THE DATA →
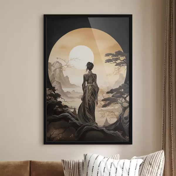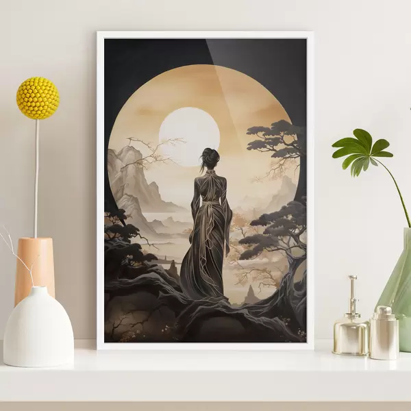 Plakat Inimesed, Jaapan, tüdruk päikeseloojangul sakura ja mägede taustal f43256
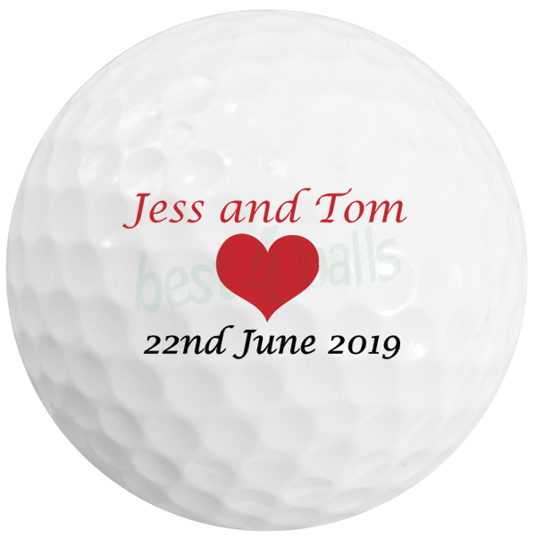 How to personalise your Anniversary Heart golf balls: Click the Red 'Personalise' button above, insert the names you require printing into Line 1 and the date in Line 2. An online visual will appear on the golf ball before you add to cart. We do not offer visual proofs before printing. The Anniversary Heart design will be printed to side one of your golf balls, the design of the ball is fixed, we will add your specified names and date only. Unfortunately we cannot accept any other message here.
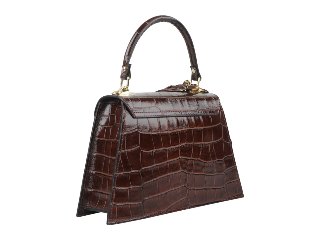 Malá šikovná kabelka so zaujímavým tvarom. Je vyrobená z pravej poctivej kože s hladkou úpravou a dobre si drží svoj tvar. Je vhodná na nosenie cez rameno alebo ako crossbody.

---

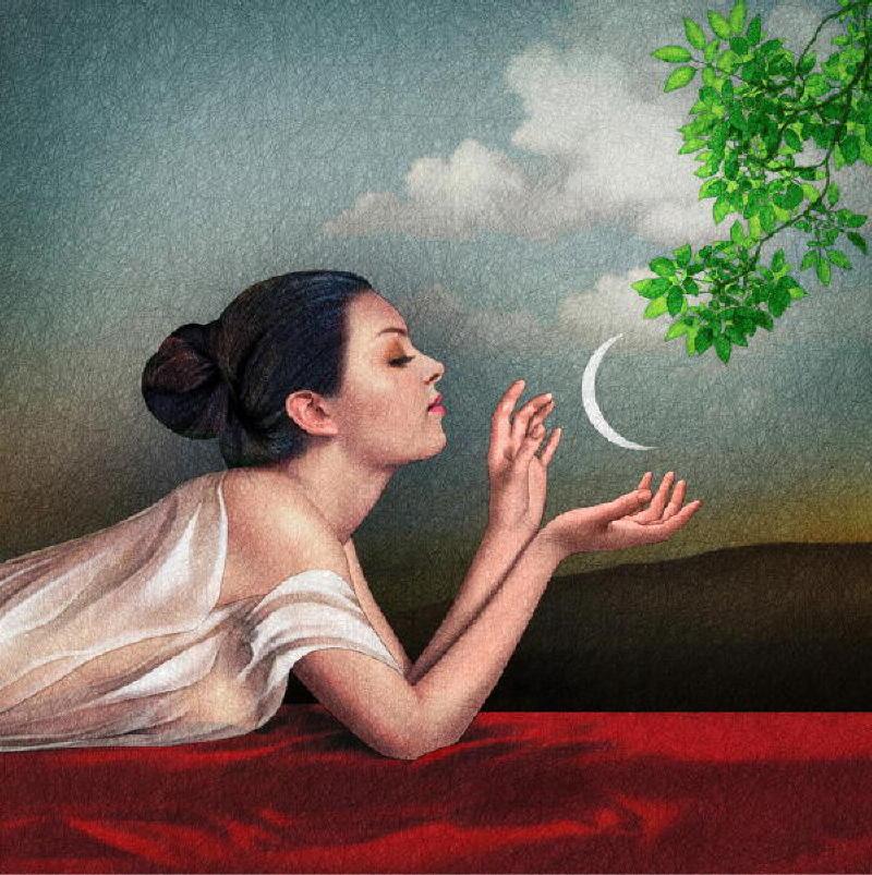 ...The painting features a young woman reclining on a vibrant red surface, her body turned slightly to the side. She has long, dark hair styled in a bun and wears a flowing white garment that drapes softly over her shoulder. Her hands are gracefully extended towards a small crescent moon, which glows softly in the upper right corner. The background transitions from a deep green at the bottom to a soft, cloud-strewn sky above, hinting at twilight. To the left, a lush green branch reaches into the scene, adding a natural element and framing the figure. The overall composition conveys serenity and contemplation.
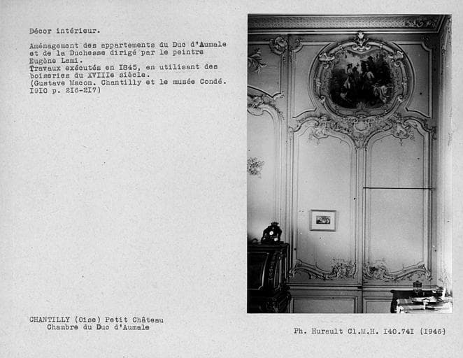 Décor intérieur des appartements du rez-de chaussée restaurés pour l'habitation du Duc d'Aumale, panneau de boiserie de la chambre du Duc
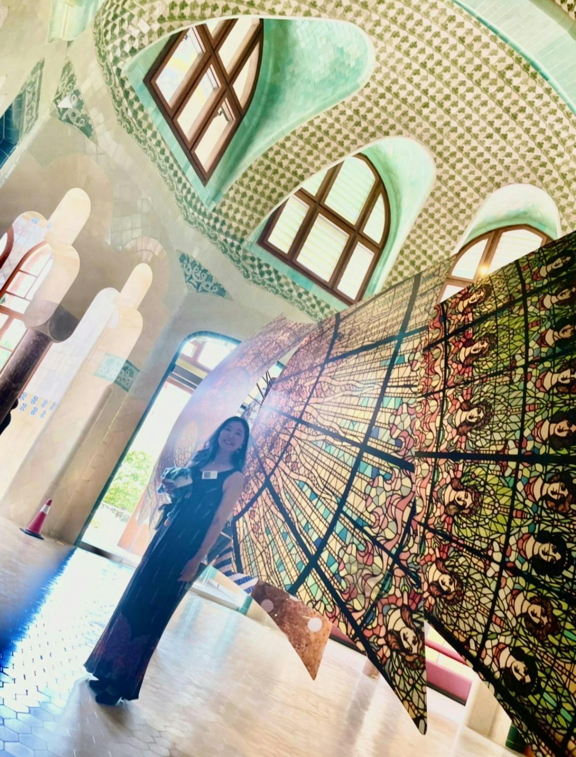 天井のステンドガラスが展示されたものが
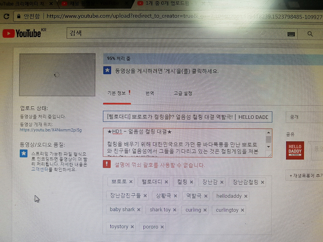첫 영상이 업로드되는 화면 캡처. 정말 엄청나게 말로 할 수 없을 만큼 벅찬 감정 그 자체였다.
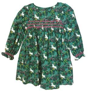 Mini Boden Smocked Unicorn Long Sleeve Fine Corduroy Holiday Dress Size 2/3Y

WHAT IS EXPECTED → Reproduce exactly the lines above that run from the one with "How to personalise" to the one with "Malá šikovná kabelka", both included, leaving pictures out.

COMPLETED EXERCISE →
 How to personalise your Anniversary Heart golf balls: Click the Red 'Personalise' button above, insert the names you require printing into Line 1 and the date in Line 2. An online visual will appear on the golf ball before you add to cart. We do not offer visual proofs before printing. The Anniversary Heart design will be printed to side one of your golf balls, the design of the ball is fixed, we will add your specified names and date only. Unfortunately we cannot accept any other message here.
 Malá šikovná kabelka so zaujímavým tvarom. Je vyrobená z pravej poctivej kože s hladkou úpravou a dobre si drží svoj tvar. Je vhodná na nosenie cez rameno alebo ako crossbody.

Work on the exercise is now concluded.